Un símbolo presente desde los orígenes
La relación entre el país asiático y los tigres se remonta a los mitos fundacionales del país. En la leyenda de Dangun Wanggeom, el tigre y el oso suplican al hijo del Dios del Cielo que los transforme en humanos, ambos deben encerrarse en una cueva durante 100 días y alimentarse solo con ajo y artemisa sagrada. El oso persevera y se convierte en mujer; el tigre, incapaz de resistir, abandona el proceso. Irónicamente, aunque el oso se convierte en la madre del primer Rey de Corea, el tigre quien se vuelve el animal más omnipresente en los relatos, el arte y la imaginación coreana. Este detalle revela mucho sobre la familiaridad emocional que los coreanos tienen con el tigre. Como lo señaló el curador Kim Hyung-joo del Museo Nacional del Folklore de Corea, “aunque el oso es el protagonista del mito funcional, los folktales coreanos están repletos de tigres porque en el pasado había muchos tigres reales en Corea, a diferencia de ahora, cuando solo se les puede ver en zoológicos”.
El tigre en el arte popular, sátira y sabiduría
Uno de mis descubrimientos favoritos fue el arte minhwa, donde el tigre aparece en una aparece en una de sus formas más fascinantes. Lejos de su imagen feroz, en estas pinturas el tigre se presenta con ojos saltones, muecas cómicas y cuerpo encorvado, a veces acompañado por una urraca que parece hablarle o burlarse de él. Estas obras eran creadas por artistas anónimos y solían colgarse en los hogares como amuletos de protección o para atraer buena suerte. Pero también tenían una intención satírica: el tigre representaba figuras de poder, y la urraca, al pueblo común, astuto y observador. Esa crítica disfrazada de humor refleja algo que admiro profundamente de la cultura coreana: la capacidad de resistir con creatividad y sabiduría, algo muy presente en su historia.

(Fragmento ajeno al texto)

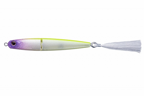 アイ・ウェーバー74が2フック(#10)に対し、60SSSは針絡みや比重設 定を最大限考慮しました。開発では、2フック仕様(#12×2)や様々な位置 の1フック仕様の比較テストを実施しました。結果、リアボディ1フック仕 様だと風に流されやすく、狙ったコースを通しにくいことからフロントボディ 1フック仕様(#10)が採用。ビッグバスをフックアップ出来るサイズをキー プし、1フックにより飛行中の空気抵抗が軽減し飛距離アップも実現しまし た。さらにバスからもフックが少ないことでプレッシャーが減り、バイト率 とキャッチ率を高めることに成功しました。また、60は軽い比重ながらも 74と同程度のレンジ(水面下20〜40?p)をトレースが可能です。釣り方 においては、チェイスを確認しタイミングを見計らってからトゥイッチする アクションも可能で、リアクションバイトを誘発。60SSSは60mmボディサ イズと1フック仕様により、更なるハイプレッシャーに対応。新アイ・ウェー バーがここに誕生しました。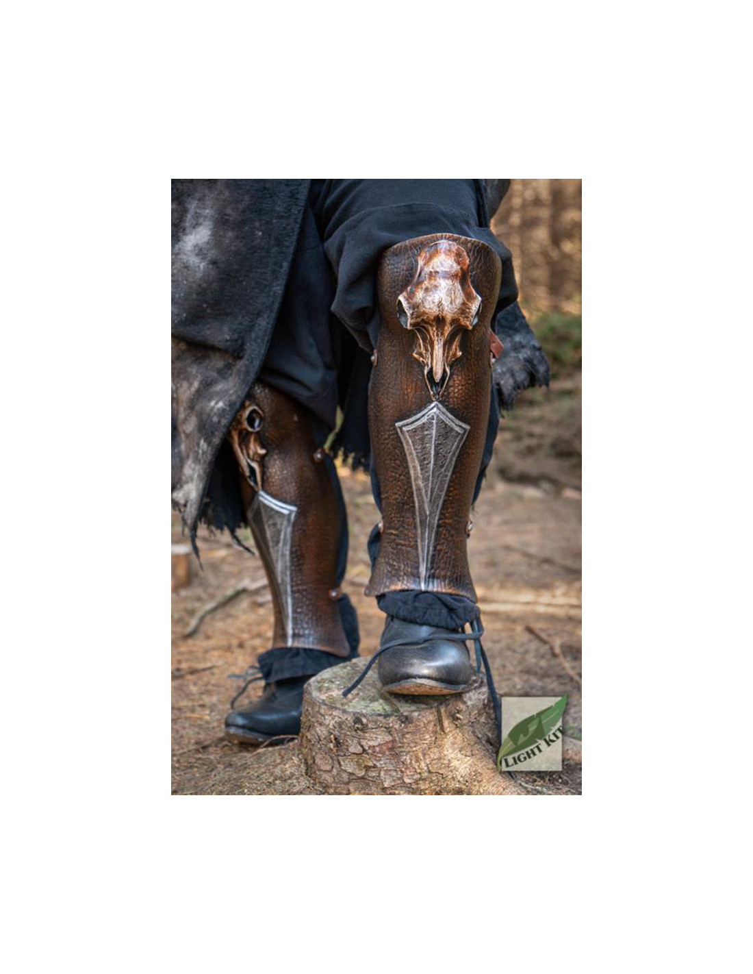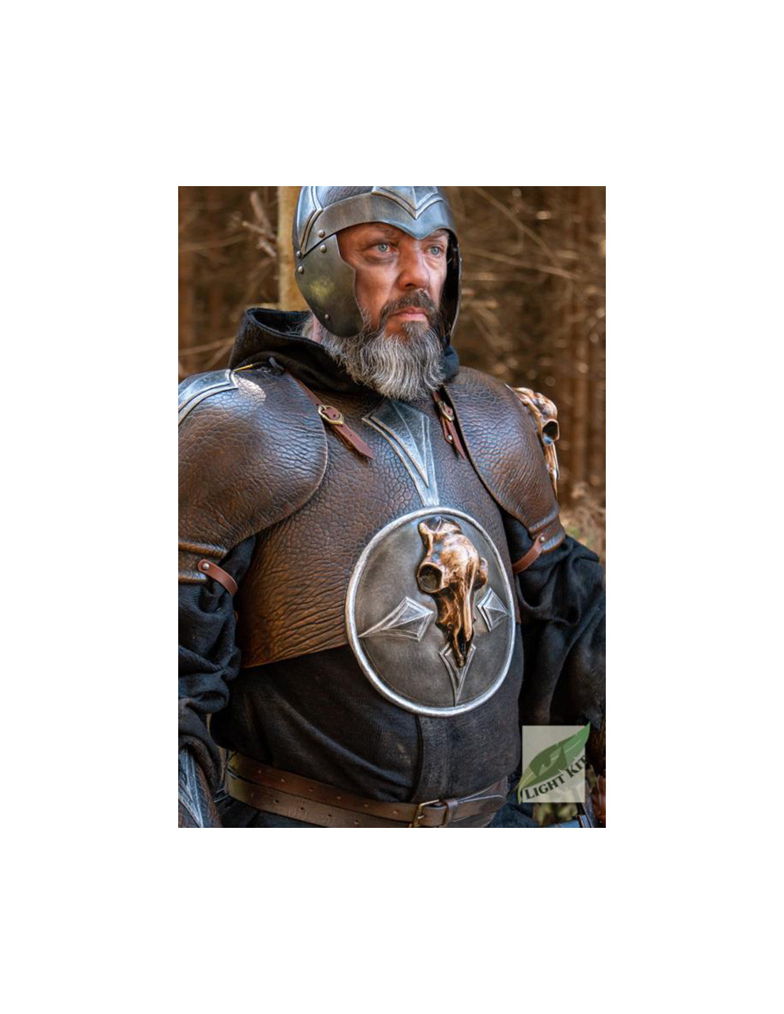 This complete kit of high fantasy armor includes a helmet, breastplate, shoulder pads, bracers, and greaves. Each piece is made of rigid foam, which guarantees its durability and resistance in combat. But not only that, the barbarian armor from Epic Armory is a work of art in itself. Fashioned to resemble a dark brown leather animal skin decorated with steel plates, this armor stands out with its imposing and authentic appearance.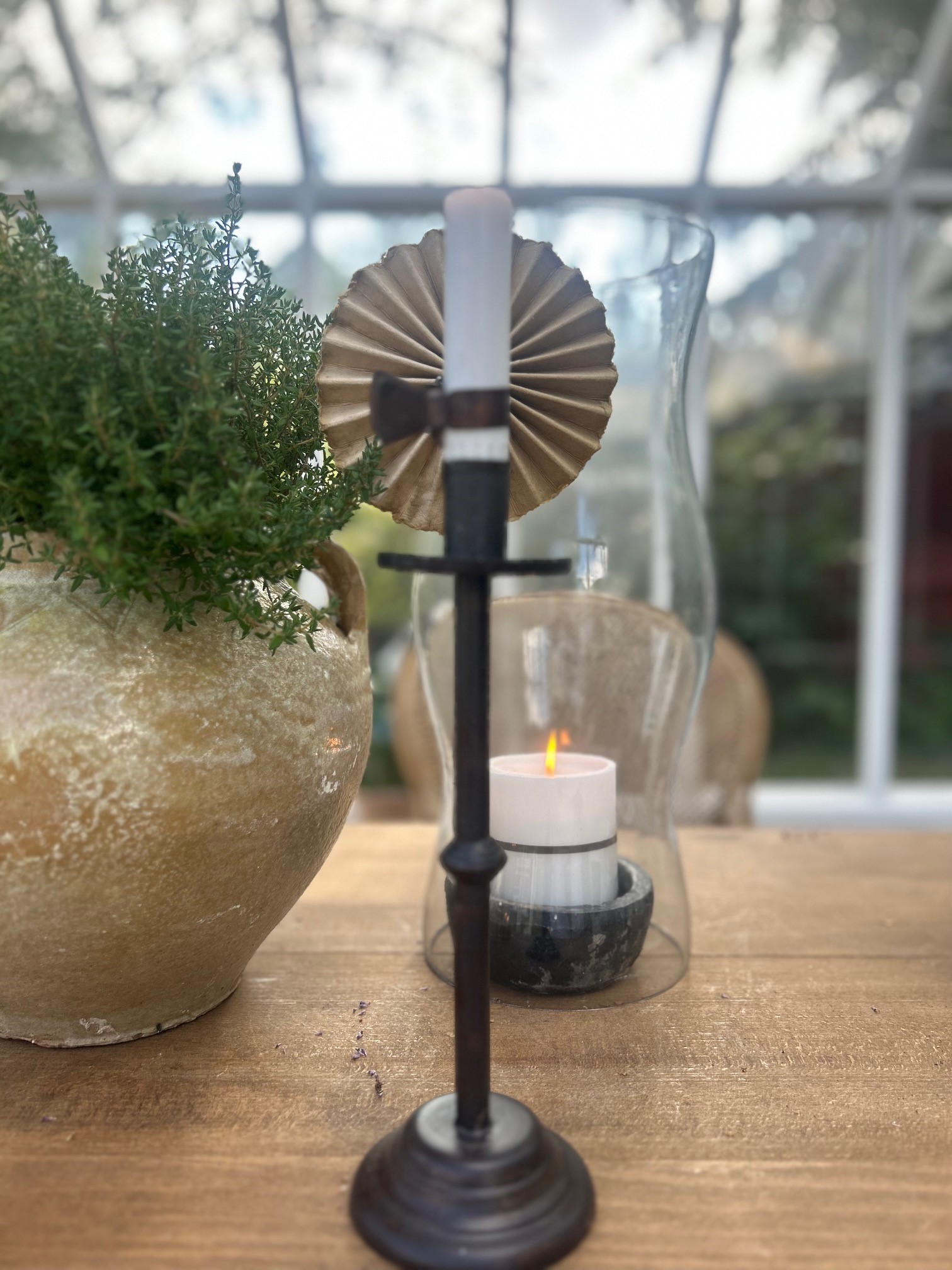 Flabellum är en fantastisk detalj och dekoration till din ljusstake, som en solfjäder i kraftigt handvikt papper som kläms ihop med en klämma som sen kläms fast runt ljuset/ljusstaken och blir en effektfull detalt och skapar en fin skugga mot väggen. Klämman är så pass lång att bra avstånd hålls till pappret men självklart ska aldrig levande ljus lämnas utan uppsikt.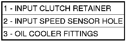 59. Install input clutch assembly into position and verify that it is completely seated by viewing through input speed sensor hole. View through input speed sensor hole (2), if not as shown in picture, the input clutch assembly is not seated properly.

Historias del tigre, entre lo mítico y lo humano
En la tradición oral coreana hay cientos de cuentos donde el tigre es protagonista. Estos cuentos me recuerdan que no todo se resuelve con control; muchas veces, el verdadero cambio viene del vínculo, el respeto y la creatividad. Algunos de los más populares incluyen:
- El tigre y el pastel de arroz: donde un tigre hambriento es engañado por una madre que lo convence de un pastel de arroz es más temible que él.
- La abuela y el tigre: una historia con tintes oscuros y de supervivencia donde el tigre busca devorar a una familia pero es asustado por malentendidos cómicos.
- La historia del tigre de los tres años: que muestra cómo incluso un animal fiero puede cambiar con compasión y paciencia.
El tigre es protagonista de más de 40% de los cuentos tradicionales coreanos que incluyen animales del zodiaco, según datos de la Academy of Korean Studies. En estas historias, el tigre a menudo encarna la fuerza bruta que es derrotada por la inteligencia o el ingenio, como en El tigre y el pastel de arroz o La abuela y el tigre. Incluso en la literatura infantil contemporánea, como el libro ganador del premio Newbery When You Trapa a Tiger de Tae Keller, inspirado en una historia coreana que le contaba su abuela, el tigre vuelve a aparecer como figura misteriosa y poderosa, cargada de emoción ancestral.
De la resistencia a la identidad cultural
Durante la ocupación japonesa (1910-1945), el tigre comenzó a tomar un significado más profundo para los coreanos, fue adoptado como símbolo de resistencia nacional, representando el espíritu indomable del pueblo. Posteriormente, en los Juegos Olímpicos de Seúl 1988, Hodori la simpática mascota en forma de tigre, fue presentada como embajador de la hospitalidad coreana. Su diseño amigable mostraba cómo Corea podía honrar sus raíces y, al mismo tiempo, proyectarse al mundo con orgullo.
Fue el historiador y poeta Chou Nam-seon quien, por primera vez, dibujó el mapa de la península coreana con forma de tigre, reforzando visualmente su relación con el país. Años después, en los Juegos de Invierno de PyeongChang 2018, el tigre volvió a brillar con Soohorang, un tigre blanco sagrado, símbolo de protección.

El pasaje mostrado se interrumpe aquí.